Studie

Alpine Libellenarten profitieren nicht von künstlichen Teichen

Donnerstag, 07. August 2025 | 07:55 Uhr

Von: luk

Bozen/Wien – Eine detaillierte Untersuchung von Libellengemeinschaften in Südtirol zeigt: In hohen Lagen können vom Menschen geschaffene Gewässer den Verlust natürlicher Stillgewässer und Moore nicht ausgleichen.

Die Studie entstand in Zusammenarbeit mit dem Biodiversitätsmonitoring Südtirol und untersuchte die Libellenfauna an natürlichen und künstlichen Gewässern in verschiedenen Höhenlagen.

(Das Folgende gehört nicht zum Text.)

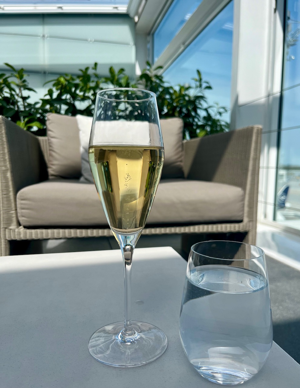 Pol Roger Vintage 2016 avnjutes på FCL Satelite MUC terrassen i strålande solsken.
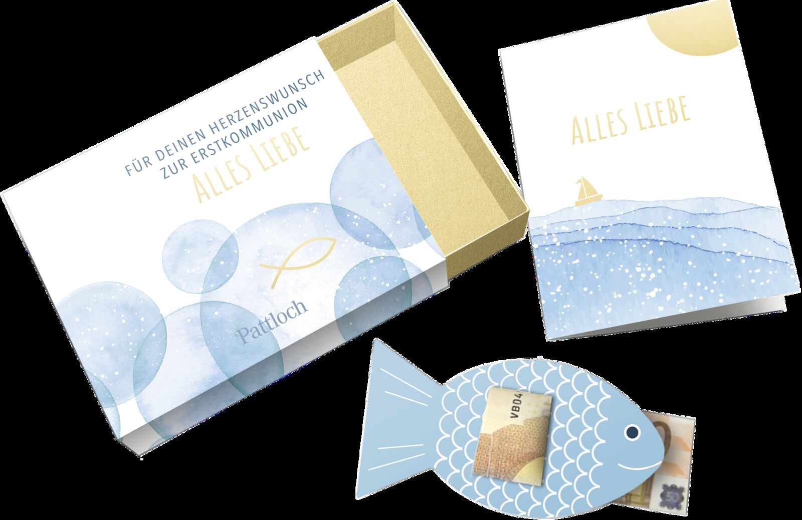 Originelle Geldgeschenk-Verpackung zur Kommunion Diese besondere Verpackung für ein Geldgeschenk oder einen Gutschein zur Erstkommunion enthält neben einer Klappkarte auch einen niedlichen kleinen Fisch, der als Klammer für Geldschein oder Gutschein dient. Ge...
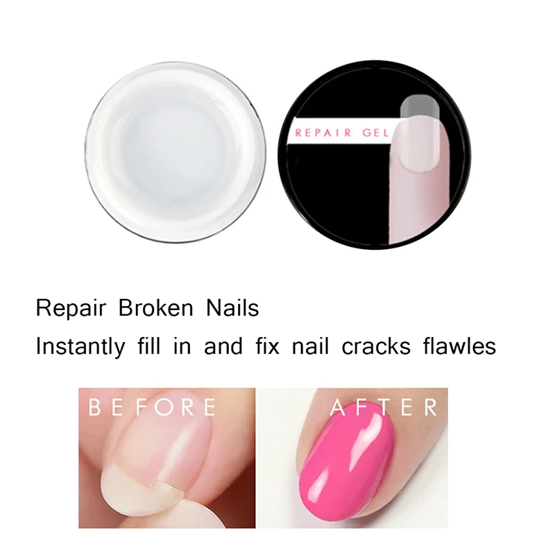 ❤Могу ли я нанести лак для ногтей после его ремонта? Да! После маникюра вы можете нанести лак для ногтей, замочить гель-масло или даже 3D украшение для ногтей по желанию. Просто убедитесь, что гель полностью высыхает и полностью покрывает трещины.❤Ремонтный гель V.S. шелковая обертка для ногтей? Нужно обрезать гвоздь, чтобы соответствовать размеру трещин. Они также могут быть применены только для здоровых ногтевых кроватей и эмалей, чтобы обеспечить гладкий процесс окраски. Но наш гель для ремонта может использоваться без сложного процесса. Он также может гибко заполнять трещины ногтей любого размера-один слой должен быть применен к крошечным трещинам, и больше слоев должны быть применены к более крупным трещинам. Характеристика:

Dabei zeigte sich: Mit zunehmender Höhe unterscheiden sich die Gemeinschaften der Libellen an natürlichen und anthropogenen Standorten immer deutlicher. Künstliche Teiche über 1600 Meter beherbergen keine der in dieser Höhe natürlich vorkommenden alpinen Libellenarten. Stattdessen werden sie von Arten besiedelt, die typisch für tieferliegende Gebiete sind. Künstliche Teiche zur Förderung der Biodiversität anzulegen, wie es auch in den Alpen propagiert wird, erscheint damit für diese Höhenlagen, zumindest was die Libellengesellschaften betrifft, als fragwürdige Strategie. Die Autoren der Studie plädieren deshalb dafür, die Anstrengungen zum Schutz der natürlichen alpinen Süßwasserlebensräume zu verstärken. An der Untersuchung waren Forscher von Eurac Research sowie der Universitäten Wien, Würzburg und Marburg beteiligt.

„Als wechselwarme Insekten, die einen Teil ihres Lebenszyklus im Wasser und einen Teil an Land verbringen, sind Libellen sehr abhängig von der Temperatur und den spezifischen Lebensraumbedingungen“, erklärt der Biologe Felix Puff, Hauptautor der Studie. „Sie sind deshalb auch ein gutes Modell für die Untersuchung alpiner Süßwasserlebensgemeinschaften, die durch Klimawandel und menschliche Störung gefährdet sind.“ Für die umfassende Erhebung wurden 28 natürliche und 13 vom Menschen geschaffene Gewässer in Höhen zwischen 215 und 2450 Metern untersucht, wobei 14 der Standorte auch Teil des Biodiversitätsmonitoring Südtirol sind. Puff erfasste die Arten und die Häufigkeit ihres Vorkommens im Feld, und kombinierte die Ergebnisse mit den Merkmalen der Arten; so entsteht ein detailliertes Bild, wie Habitatbedingungen und funktionelle Eigenschaften zusammenhängen. Bei den Großlibellen beispielweise wird mit größerer Höhe die Färbung dunkler und die Körpergröße nimmt zu – beides eine Anpassung an kältere Bedingungen, weil die Insekten dadurch mehr Licht absorbieren und mehr Wärme speichern können. Bei Kleinlibellen dagegen fehlen solche Anpassungen, weshalb sie in kälteren, alpinen Habitaten seltener werden. Diese Ergebnisse bestätigen und ergänzen Beobachtungen, die in Untersuchungen auf kontinentaler Ebene gemacht wurden. Gleichzeitig ist dies die erste Studie, die diese Trends auch auf lokaler Ebene entlang eines alpinen Höhengradienten nachweist.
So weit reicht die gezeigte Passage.